Now, for the first time, one of the missing books — the earliest printed atlas of the Americas — has been recovered by Sweden’s Royal Library after a librarian there noticed that it was being offered for sale last year by a New York map dealer, W. Graham Arader III.
The recovery, which is to be announced by Swedish officials in Manhattan on Wednesday, may shake loose some of the other stolen books, said Jerker Ryden, the library’s senior legal adviser.
Mr. Arader had bought the atlas, published in 1597 by Cornelius Wytfliet — one of only nine known copies in existence — at Sotheby’s in London in 2003, for about $100,000, without knowing its shadowy history, he said. He estimates its value at $450,000.
The parchment volume is worth much more to Sweden, however, Mr. Ryden said. Since 1661, Swedish publishers have been required by law to send at least one copy of everything they print — whether a Bible, an Ikea catalog or a bus schedule — to the Royal Library. It contains “the memory of the nation,” Mr. Ryden explained, adding that the theft “created black holes,” and that “money can’t compensate when you have black holes.”
The Wytfliet atlas, which contains some of the first maps of the New World as well as a history of the voyages of Columbus, Pizarro, Verrazano and other explorers, was one of more than 100 books stolen by Mr. Burius from several libraries, including the Royal, where he was chief of the manuscript division.
After his thefts were discovered in 2004, he was arrested, questioned and released to await a court date. Five days later Mr. Burius, 48, went into the kitchen of his fifth-floor apartment, slit his wrists and cut a gas line. Within hours a stray spark set off an explosion that blew out the walls, spewing debris, injuring 11 and forcing 44 people to be evacuated from his central Stockholm neighborhood.
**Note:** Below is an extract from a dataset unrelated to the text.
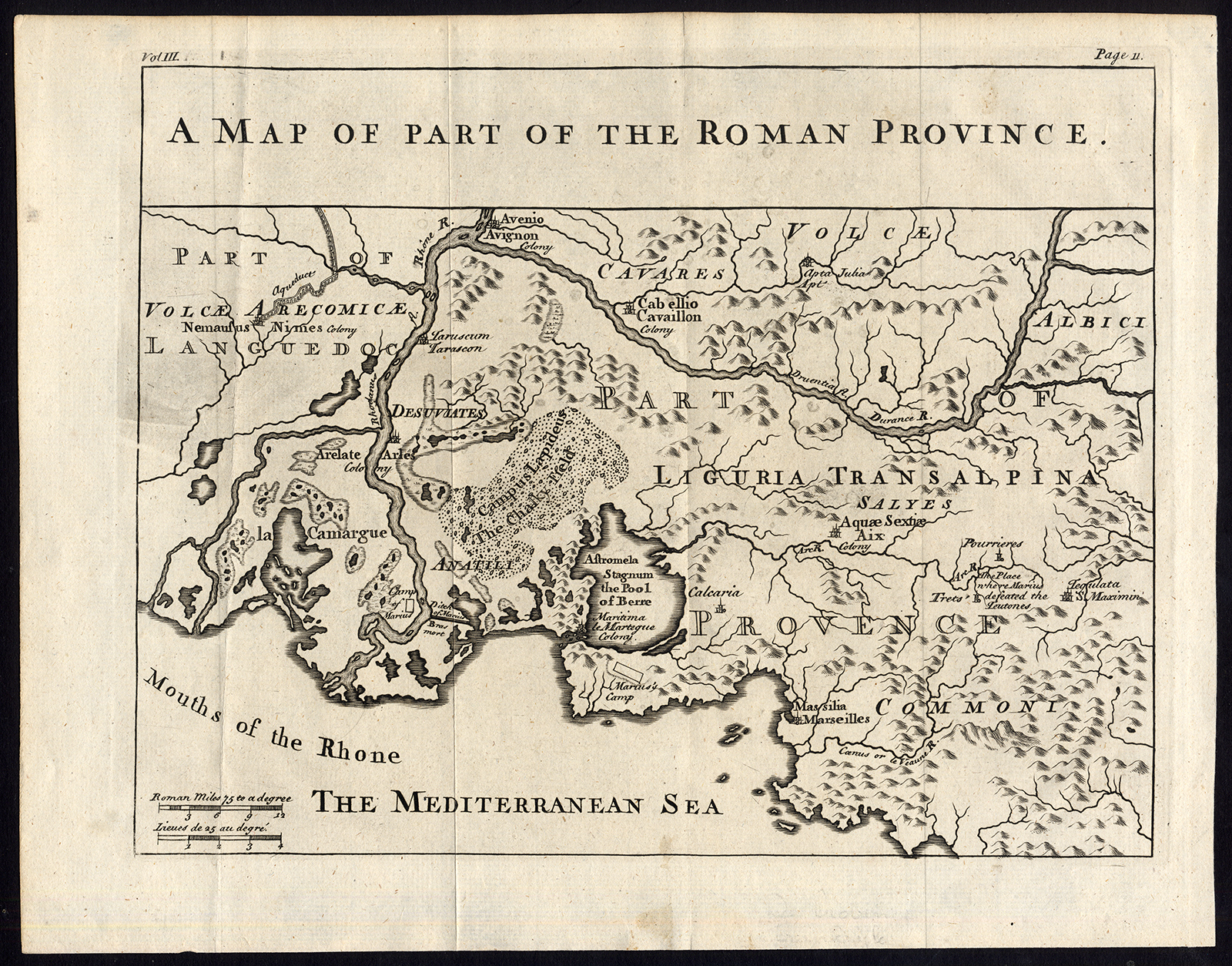 Onderwerp: Kaart: ‘Een kaart van een deel van de Romeinse provincie’. Historische kaart van de Provence in Frankrijk.

Mr. Burius had been at the Kungliga Biblioteket, or Royal Library, for 10 years before a chance request from a patron about a map of the Mississippi River drew attention to a missing volume. A library inventory discovered that at least 56 rare and valuable books had been taken, including a 1633 edition of John Donne’s poems; a copy of Thomas Hobbes’s philosophical masterwork, “Leviathan,” from 1651; and the astronomer Johannes Kepler’s 1619 work “Harmonices Mundi.”
Catalog cards for the works were also stolen in an attempt to eliminate traces of the crime.
Although Mr. Burius’s colleagues were sometimes curious about how he could afford Armani suits, silk ties, Cuban Cohibas and a Mercedes, they were astonished to learn of his systematic looting, according to press reports in Sweden.
The police later discovered that Mr. Burius started stealing rare books as early as 1986 from at least four other prominent libraries. A number of stolen texts were found in his home and in a friend’s garage. As for the others, Mr. Burius ground off identifying marks and sold them, mainly to the German auction house Ketterer Kunst, using an alias.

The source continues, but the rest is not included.